→ **DATASET ENTRIES**:
# # # #
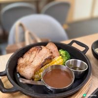 沙田新城市中心行過啲就去到另一個細啲既商場,原來呢度都好多食,今次去左呢間鐵板大師鋸扒食,覺得啲野食價錢好抵! 1⃣️泰式豬頸肉-套餐($90)(香水檸檬鴨屎茶+6) 套餐配埋意粉、餐湯、沙律同埋飲品,非常豐富,豬頸肉軟嫩,有兩大件,配上燒汁。另外湯有兩款,南瓜湯同埋蘑菇忌廉湯,南瓜湯幾香濃👍 2️⃣ 香煎牛柳-套餐($120)(柑桔檸檬鴨屎茶+$6) 牛柳揀左五成熟,粉嫩而且唔會食到啲筋。配上野菌燒汁同埋黃芥末。蘑菇忌廉湯覺得有啲金寶湯feel🫢不過overall價錢黎講幾抵食。 3️⃣ 芝士煙肉大啡菇($28) 大啡菇多汁,面頭釀滿芝士同煙肉😋 4️⃣ 日本蟹肉忌廉餅($18) 內餡多而且creamy,呢個價錢仲要有兩件,抵! 5️⃣ 香煎鳳尾蝦($28) 幾香,蝦肉爽口。 好味:6.4/10 環境:6.6/10 性價比:8.5/10 鐵板大師 📍地址:沙田橫壆街1-15號好運中心3樓3107-3108號舖 #秋日養生#清爽夏日#夏日排毒瘦身#ucreator
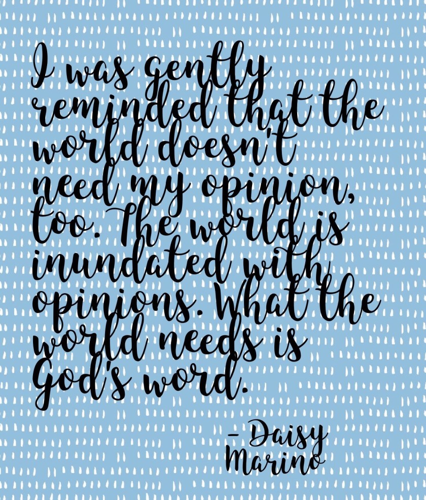 But – this morning when I was sitting in church I was gently reminded that the world doesn’t need my opinion, too. The world is inundated with opinions. What the world needs is God’s word, and that’s what I will continue to base all my writing on.
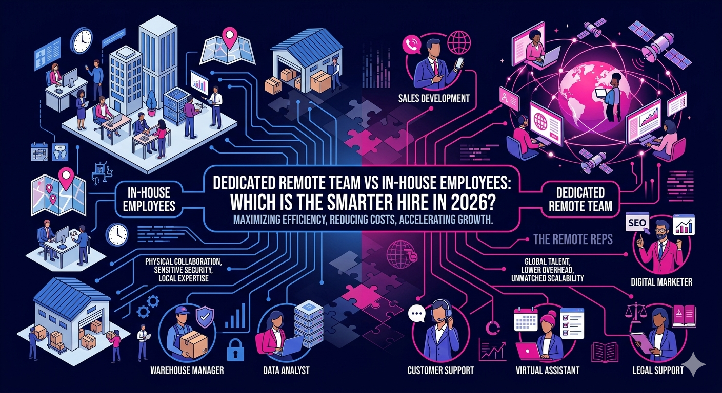 The debate around a dedicated remote team vs in-house employees has never been more relevant. As businesses reassess their hiring strategies in 2026, the choice between building a local workforce and partnering with a dedicated remote team can define your operational efficiency, cost structure, and ability to scale. Whether you run a startup or an established enterprise, understanding the real-world trade-offs is essential before you commit.
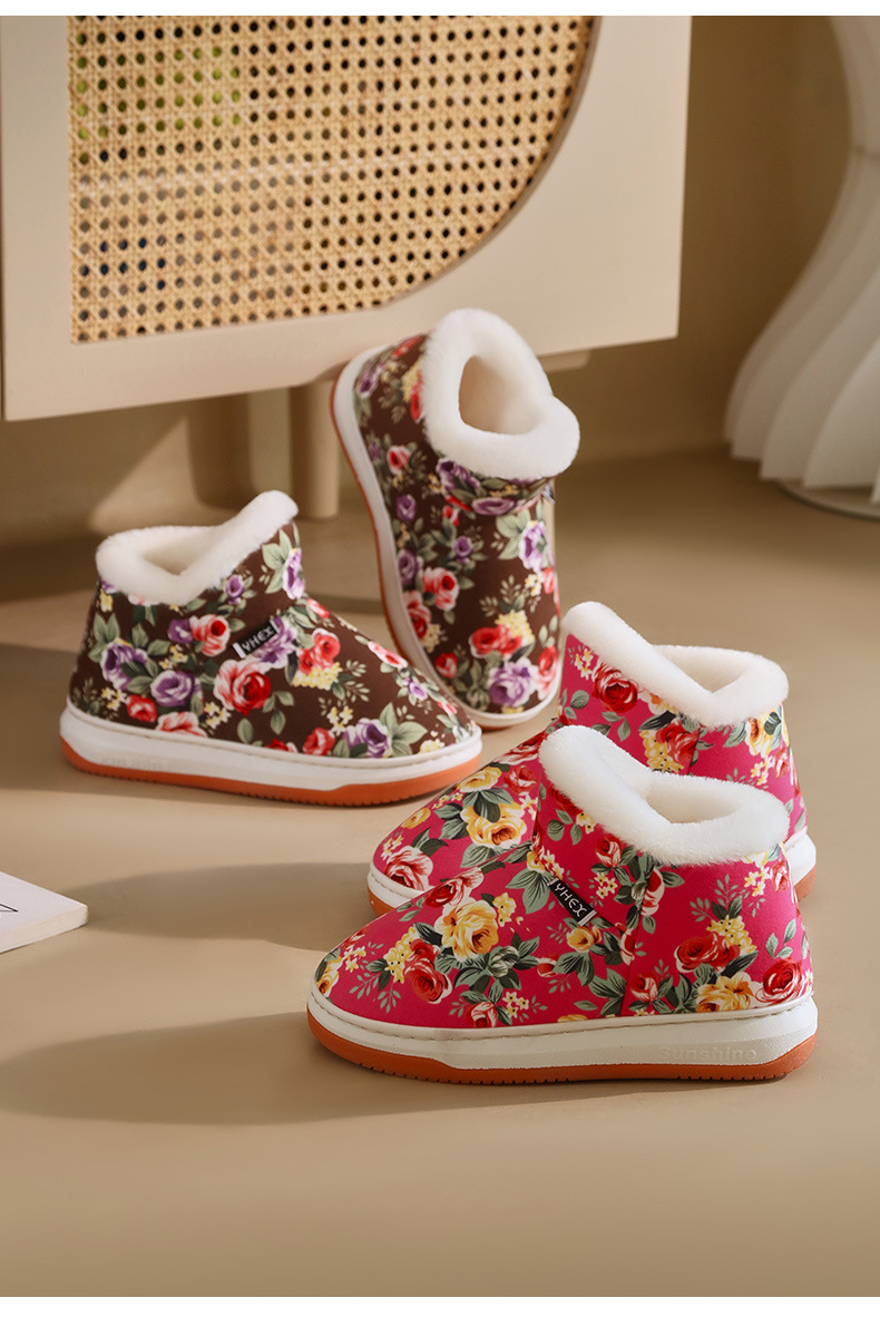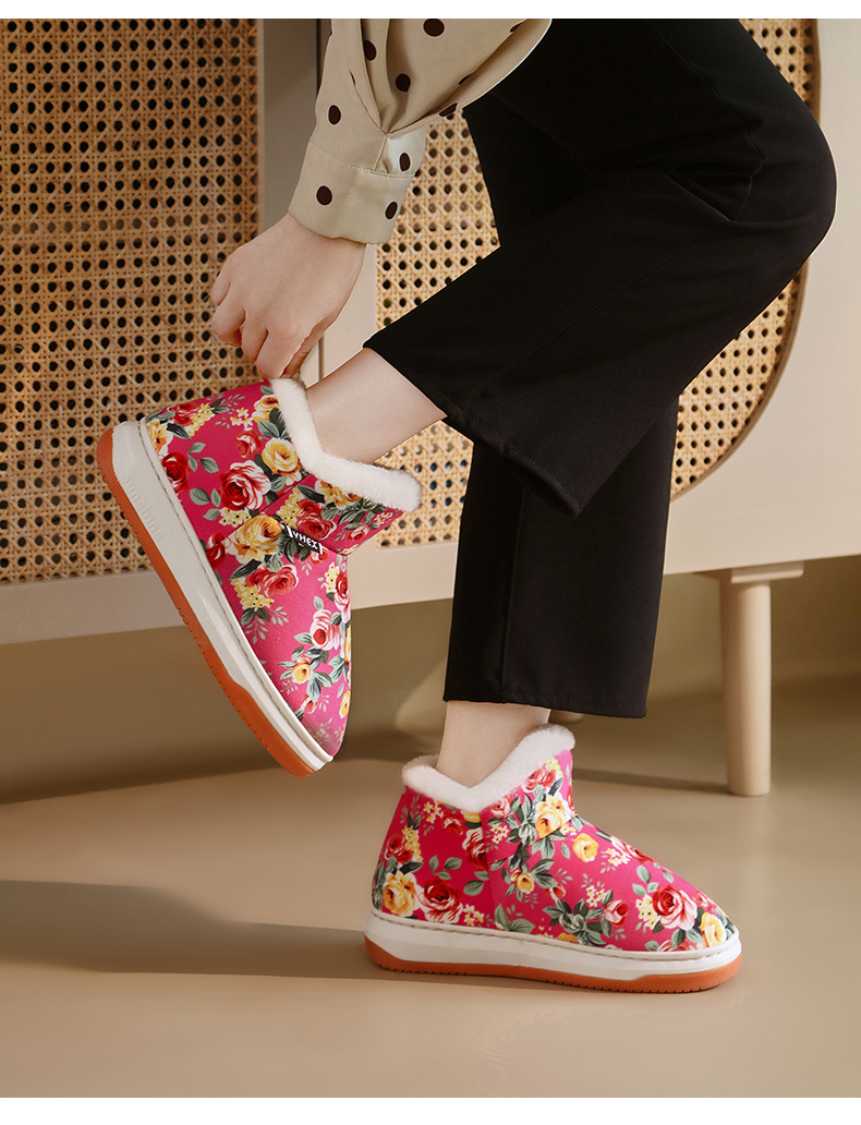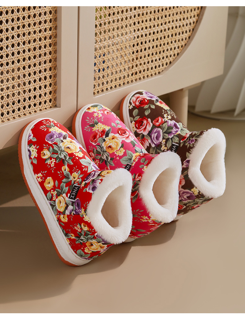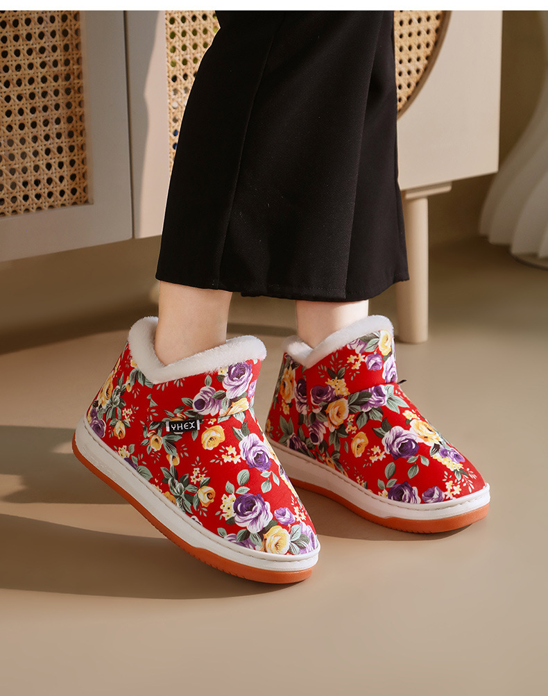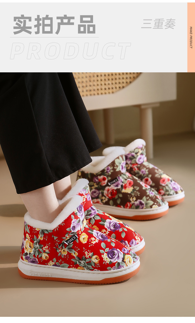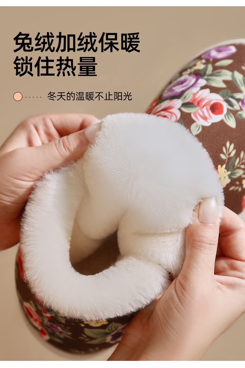 冬季保暖棉拖鞋高包跟女款厚底可外穿防滑妈妈鞋手工棉鞋中老年
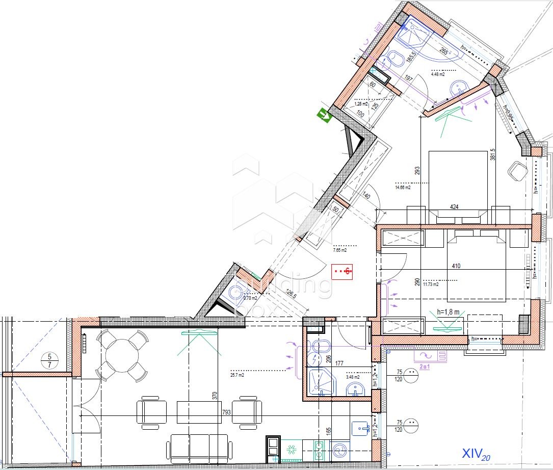 Състои от антре, дневна с кухненски бокс, две спални, две бани с тоалетна и лоджия.
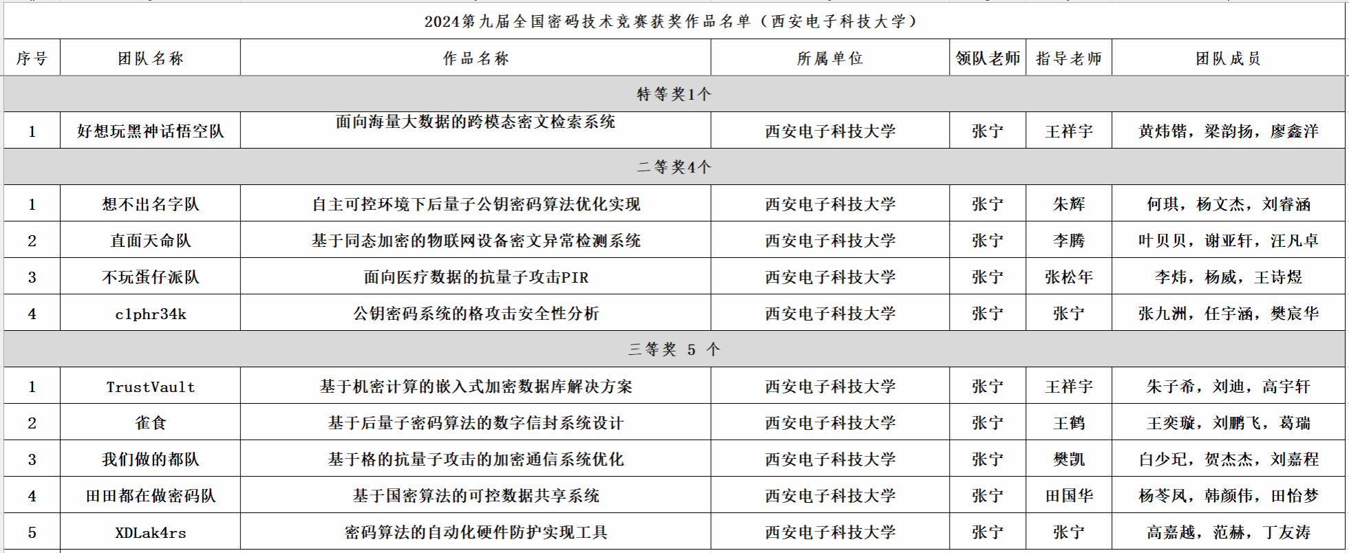 (通讯员 廖鑫洋 张宁)2024年11月30日,第九届全国密码技术竞赛决赛在海南大学顺利落幕。西电学子再获佳绩,共获特等奖1项、二等奖4项、三等奖5项。获奖情况在全国高校中位居前列。其中由英国365集团官网王祥宇副教授指导,2021级本科生黄炜锴、2022级本科生廖鑫洋、2023级本科生梁韵扬组成的参赛队伍荣获特等奖,时隔五年,365英国上市集团在全国密码技术竞赛上又一次荣获特等奖。
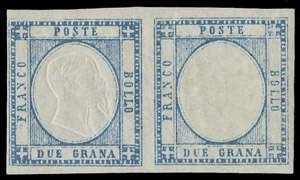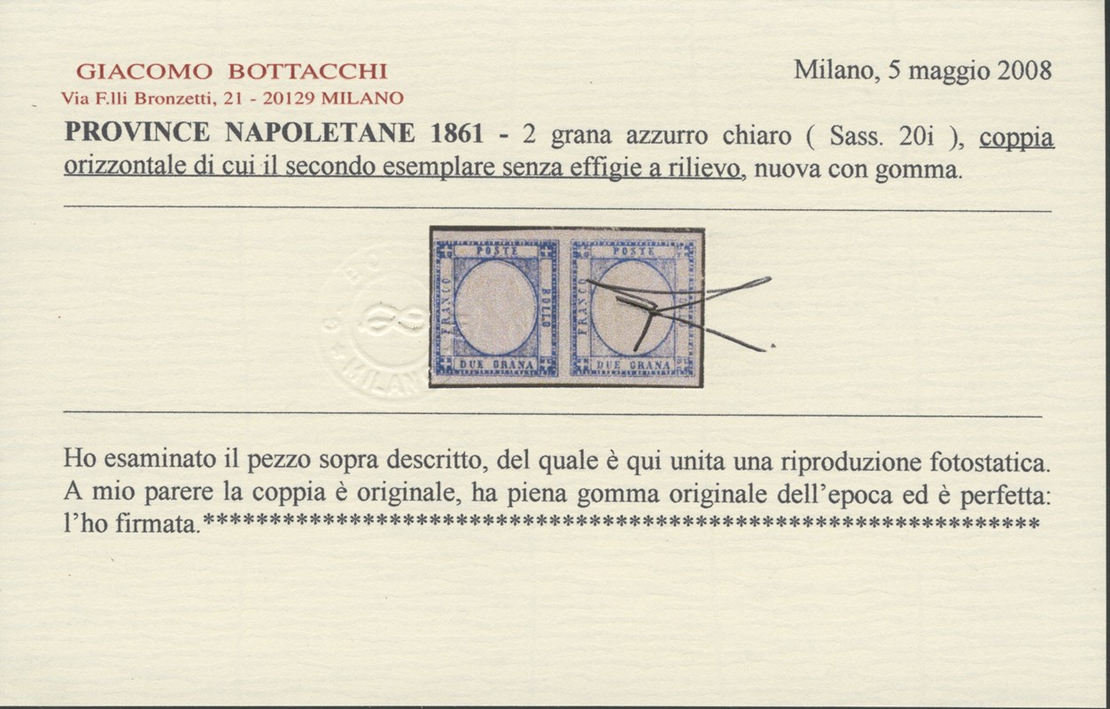 1861 - Neapolitan Provinces: 2g. light blue horizontal pair right copy without effigy, mint original gum. Very fine. Bottacchi certificate (Sassone 20i - € 4.500)
# # # #
→ **ABOUT THIS EXERCISE**: Give back exactly the lines from the one that contains "But – this morning" to the final line of the data above, both included, with all pictures removed.

→ **YOUR SOLUTION**:
 But – this morning when I was sitting in church I was gently reminded that the world doesn’t need my opinion, too. The world is inundated with opinions. What the world needs is God’s word, and that’s what I will continue to base all my writing on.
 The debate around a dedicated remote team vs in-house employees has never been more relevant. As businesses reassess their hiring strategies in 2026, the choice between building a local workforce and partnering with a dedicated remote team can define your operational efficiency, cost structure, and ability to scale. Whether you run a startup or an established enterprise, understanding the real-world trade-offs is essential before you commit.
 冬季保暖棉拖鞋高包跟女款厚底可外穿防滑妈妈鞋手工棉鞋中老年
 Състои от антре, дневна с кухненски бокс, две спални, две бани с тоалетна и лоджия.
 (通讯员 廖鑫洋 张宁)2024年11月30日,第九届全国密码技术竞赛决赛在海南大学顺利落幕。西电学子再获佳绩,共获特等奖1项、二等奖4项、三等奖5项。获奖情况在全国高校中位居前列。其中由英国365集团官网王祥宇副教授指导,2021级本科生黄炜锴、2022级本科生廖鑫洋、2023级本科生梁韵扬组成的参赛队伍荣获特等奖,时隔五年,365英国上市集团在全国密码技术竞赛上又一次荣获特等奖。
 1861 - Neapolitan Provinces: 2g. light blue horizontal pair right copy without effigy, mint original gum. Very fine. Bottacchi certificate (Sassone 20i - € 4.500)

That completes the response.